What this means in practice:

  • Don't store passwords, API keys, or client PII in piia-engram
  • Any process with read access to ~/.engram/ can read your data
  • restricted_fields reduces what piia-engram emits in cold-start context, but it is not encryption or a true ACL

This is not a warning to avoid piia-engram — it's an honest description of what it is: a local memory layer for personal AI context. For personal use, it works well today.

Security Configuration

Field-level encryption (optional)

Encrypt sensitive profile fields (email, phone, location, etc.) at rest:

pip install piia-engram[secure]
export ENGRAM_SECRET="your-strong-passphrase"

Encrypted fields are stored as enc:v2:... in JSON files; legacy enc:v1:... values still decrypt. Without ENGRAM_SECRET, piia-engram works normally with plaintext (backward compatible).
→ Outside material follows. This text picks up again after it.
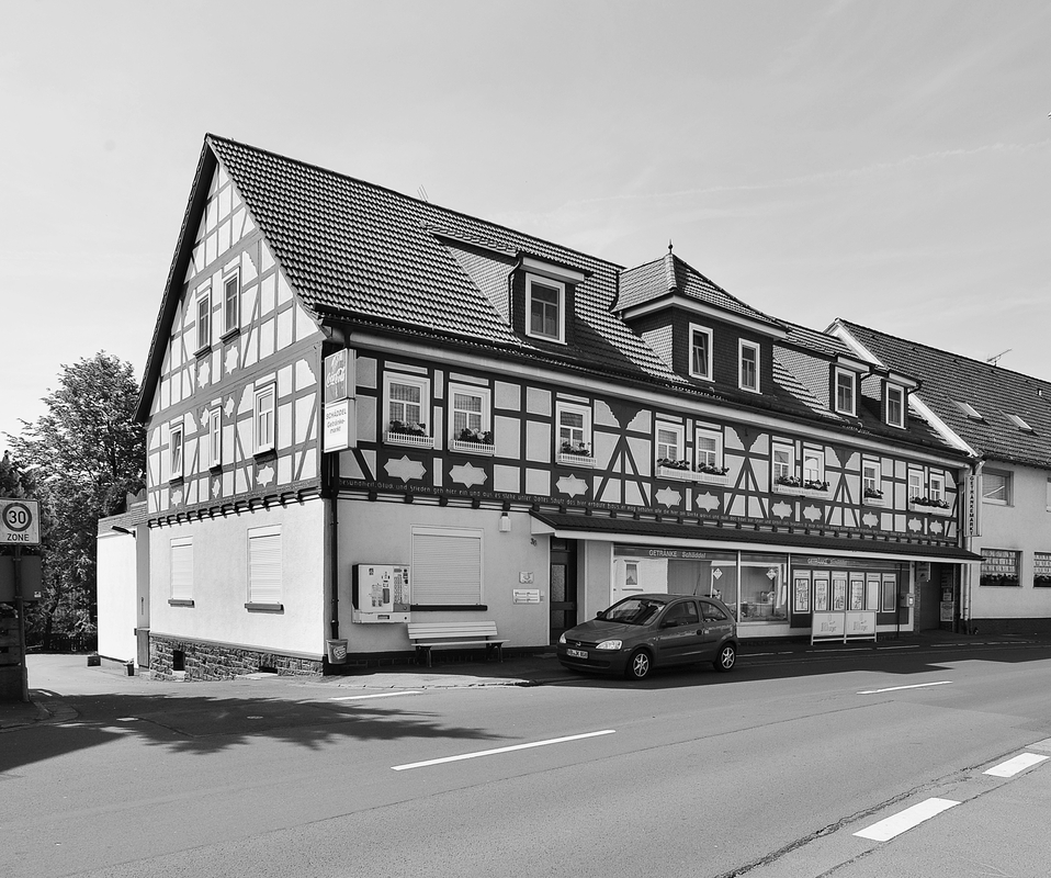 1935 gestreckt an der Hauptstraße platziertes Wohn- und Geschäftshaus; sein massives Erdgeschoss ist später für einen Supermarkt beträchtlich verändert worden, nur an der linken Seite blieb die ursprüngliche Situation nachvollziehbar. Wesentlich für die Gesamterscheinung ist jedoch das über profilierten Balkenköpfen ein wenig auskragende Obergeschoss in einem zeittypisch ausgebildeten Fachwerk, das mit zweifach verriegelten Mann-Figuren an ältere Bauten erinnert. Schmuckelemente sind geschweifte Kopfwinkelhölzer und sternförmige Felder unterhalb der Fenster. Auch die über die Giebel- und die gesamte Traufseite ausgedehnte Bauinschrift folgt historischen Vorbildern; sie nennt den Bauherrn Robert Lind, dessen Ladenausleger mit der Brezel der Bäckerei erhalten blieb. Weiter werden der Architekt V. Schäfer aus Ilbeshausen, der Zimmermeister J. Heineck aus Salz und der Maurermeister J. Lind aus Bermuthshain aufgeführt. Das Haus, von einem späten, eher städtischen Heimatstil geprägt, ist als architektur-geschichtliches Zeitdokument und be-stimmendes städtebauliches Element Kulturdenkmal.

Audit logging (on by default)

A local audit log records all read/write operations to ~/.engram/audit.log in JSON-lines format. It is a local file only — never sent anywhere. Query it with the get_audit_log tool or grep.

To opt out:

export ENGRAM_AUDIT=0

Agent governance (advanced, optional)

Enable per-caller trust levels and disclosure receipts:

export ENGRAM_GOVERNANCE=1
export ENGRAM_CLIENT_TYPE=claude_code

Governance is off by default. When enabled, known local coding agents are filtered to public/work knowledge, unknown callers fail closed to public-only, and owner-only exports/imports/grant changes require private-self. See docs/governance.md for the exact trust levels, gates, honest boundaries, and ledger commands.

CLI Commands

engram setup            # Interactive install wizard (confirms before writing client configs)
engram setup --apply-external-config  # Skip the confirm prompt (non-interactive/CI); writes with backups
piia-engram doctor           # Check config health (all AI tools)
piia-engram status           # Redacted install + memory health summary
piia-engram status --html    # Write a local redacted status page
piia-engram preview          # Show what a simulated AI caller would receive (--as ROLE, --level, --html)
piia-engram continuity       # Prove cross-tool handoff readiness (metadata only)
piia-engram management       # Show a metadata-only review/playbook management view
piia-engram doctor --fix     # Auto-repair any issues found
piia-engram sessions         # List saved cross-tool agent sessions
piia-engram sessions show <id>  # Print one saved session
piia-engram review           # List staging knowledge awaiting review
piia-engram review show <id> # Inspect one review item
piia-engram review approve <id> --yes  # Promote a staging item
piia-engram review archive <id> --yes  # Archive a review item
piia-engram management action review approve <id> --yes --json  # Structured metadata-only action receipt
piia-engram management action playbook delete <id> --yes --json # Soft-delete a Playbook without body echo
piia-engram management action playbook_scope accept_project <id> --project . --yes --json # Resolve ambiguous Playbook scope
piia-engram management action playbook_scope accept_shared <id> --project ./app-a --project ./app-b --yes --json # Share one Playbook with selected projects
piia-engram repair-encoding  # Dry-run scan for garbled / mojibake text
piia-engram repair-encoding --apply  # Repair reversible cases with a backup
piia-engram backup-plan      # Metadata-only plan of what to copy before upgrading (local-only)
piia-engram export-agents-md # Export verified, non-sensitive knowledge as an AGENTS.md/CLAUDE.md block
piia-engram stats            # Show project growth metrics (GitHub + PyPI)
piia-engram stats --log      # Append stats snapshot to local log
engram telemetry        # Manage anonymous usage statistics
engram privacy          # Show what data piia-engram stores and where

Contributing

Contributions, issues, and feedback are welcome.

See CONTRIBUTING.md.

License

AGPL-3.0. piia-engram is free software. Your memory belongs to you.